In this notebook, we continue reading the same small dataset, but refactor our ML pipeline in two small, but significant, ways:
<ol>
<li> Refactor the input to read data from disk progressively.
<li> Refactor the feature creation so that it is not one-to-one with inputs.
</ol>
<br/>
The Pandas function in the previous notebook first read the whole data into memory -- on a large dataset, this won't be an option.

In [1]:
import datalab.bigquery as bq
import tensorflow as tf
import numpy as np
import shutil
print(tf.__version__)

  from ._conv import register_converters as _register_converters


1.8.0


<h2> 1. Refactor the input </h2>

Read data created in Lab1a, but this time make it more general, so that we can later handle large datasets. We use the Dataset API for this. It ensures that, as data gets delivered to the model in mini-batches, it is loaded from disk only when needed.

In [17]:
CSV_COLUMNS = ['fare_amount', 'pickuplon','pickuplat','dropofflon','dropofflat','passengers', 'key']
DEFAULTS = [[0.0], [-74.0], [40.0], [-74.0], [40.7], [1.0], ['nokey']]

def read_line(fileLine):
  cols = tf.decode_csv(fileLine, record_defaults=DEFAULTS)
  features = dict(zip(CSV_COLUMNS, cols))
  features.pop("key");
  label = features.pop("fare_amount")
  return features, label

# TODO: Create an appropriate input function read_dataset
def read_dataset(filename, mode):
    #TODO Add CSV decoder function and dataset creation and methods
    dataset = tf.data.TextLineDataset(filename) \
      .map(read_line)
    
    batch = 250;
    
    if(mode == tf.estimator.ModeKeys.TRAIN):
      num_epoch = None
      dataset.shuffle(buffer_size = 1000)
    else:
      num_epoch = 1
    return dataset.repeat(num_epoch).batch(batch)
  
def get_train_input_fn():
  return read_dataset('./taxi-train.csv', mode = tf.estimator.ModeKeys.TRAIN)

def get_valid_input_fn():
  return read_dataset('./taxi-valid.csv', mode = tf.estimator.ModeKeys.EVAL)

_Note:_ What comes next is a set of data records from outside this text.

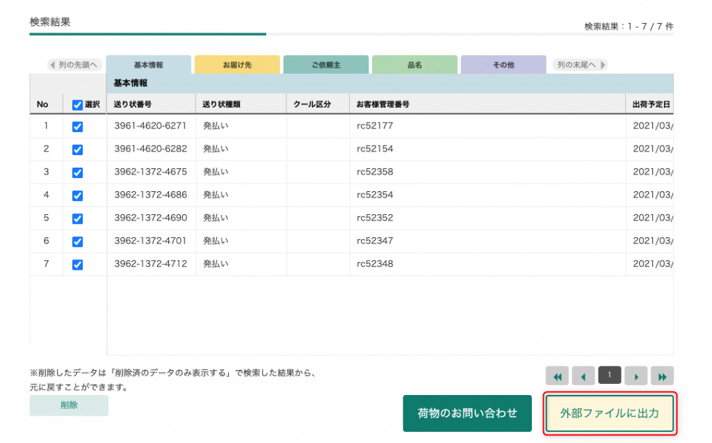 発行した対象のデータを表示のうえ、【外部ファイルに出力】をクリック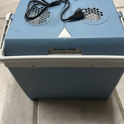 Rummelig til bil eller camping, har både el stilig stik til “cigaret stik” i bil. Kun brugt 1 gang.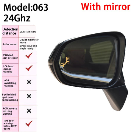 Два основных метода отображения обеспечивают гибкость видимости: отображение на линзе с подсветкой на физической линзе или дисплей в автомобиле, где предупреждающий свет появляется на треугольном окне внутри автомобиля. Система поддерживает множество функций безопасности, таких как LCA (ассистент смены полосы), BSD (мониторинг слепых зон), AOA (активное предупреждение о обгоне), предупреждение о слепой зоне на стойке B, RCTA (предупреждение о заднем пересечении) и опциональное DOW (предупреждение об открывании двери).

<h2> 2. Refactor the way features are created. </h2>

For now, pass these through (same as previous lab).  However, refactoring this way will enable us to break the one-to-one relationship between inputs and features.

In [3]:
INPUT_COLUMNS = [
    tf.feature_column.numeric_column('pickuplon'),
    tf.feature_column.numeric_column('pickuplat'),
    tf.feature_column.numeric_column('dropofflat'),
    tf.feature_column.numeric_column('dropofflon'),
    tf.feature_column.numeric_column('passengers'),
]

def add_more_features(feats):
  # Nothing to add (yet!)
  return feats

feature_cols = add_more_features(INPUT_COLUMNS)

<h2> Create and train the model </h2>

Note that we train for num_steps * batch_size examples.

In [18]:
tf.logging.set_verbosity(tf.logging.INFO)
OUTDIR = 'taxi_trained'
shutil.rmtree(OUTDIR, ignore_errors = True) # start fresh each time
model = tf.estimator.LinearRegressor(
      feature_columns = feature_cols, model_dir = OUTDIR)
model.train(input_fn = get_train_input_fn, steps = 2000)

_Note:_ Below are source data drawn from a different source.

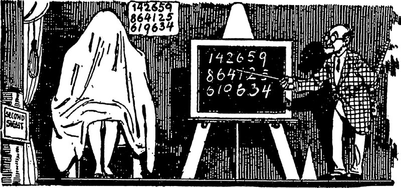 The devil marries a sheet ghost while others walk their pets. From Cincinnati Bible Seminary's 1950 yearbook. See Of Feeding & Caring For Sheet Ghosts.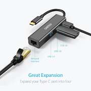 Specifically designed to complement the latest technology and smart devices with USB-C connectivity, Contain three USB3.0 ports and one RJ-45 port. like 2017/ 2016 MacBook Pro, 2016/2015 MacBook, Chromebook, and more other type-c devices. others USB-C laptops. Let you connect your laptop to other USB devices for data transfer, display expansion, and charging when you are in the office or traveling.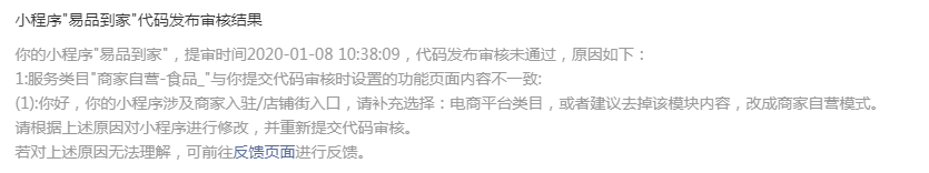 1.2020年1月8日提交审核后,未审核原因如下图,本次更新较上个版本只是加个了文字,文字中并没有提现商家入驻,小程序前端中也无商家入驻模块,该小程序并无商家入驻功能。

INFO:tensorflow:Using default config.
INFO:tensorflow:Using config: {'_num_worker_replicas': 1, '_keep_checkpoint_every_n_hours': 10000, '_keep_checkpoint_max': 5, '_task_type': 'worker', '_save_summary_steps': 100, '_model_dir': 'taxi_trained', '_task_id': 0, '_save_checkpoints_steps': None, '_global_id_in_cluster': 0, '_is_chief': True, '_train_distribute': None, '_num_ps_replicas': 0, '_session_config': None, '_evaluation_master': '', '_service': None, '_master': '', '_cluster_spec': <tensorflow.python.training.server_lib.ClusterSpec object at 0x7fd5d8142a90>, '_tf_random_seed': None, '_save_checkpoints_secs': 600, '_log_step_count_steps': 100}
INFO:tensorflow:Calling model_fn.
INFO:tensorflow:Done calling model_fn.
INFO:tensorflow:Create CheckpointSaverHook.
INFO:tensorflow:Graph was finalized.
INFO:tensorflow:Running local_init_op.
INFO:tensorflow:Done running local_init_op.
INFO:tensorflow:Saving checkpoints for 1 into taxi_trained/model.ckpt.
INFO:tensorflow:step = 1, loss = 548

<tensorflow.python.estimator.canned.linear.LinearRegressor at 0x7fd5d8142f98>

<h3> Evaluate model </h3>

As before, evaluate on the validation data.  We'll do the third refactoring (to move the evaluation into the training loop) in the next lab.

In [19]:
metrics = model.evaluate(input_fn = get_valid_input_fn, steps = None)
print('RMSE on dataset = {}'.format(np.sqrt(metrics['average_loss'])))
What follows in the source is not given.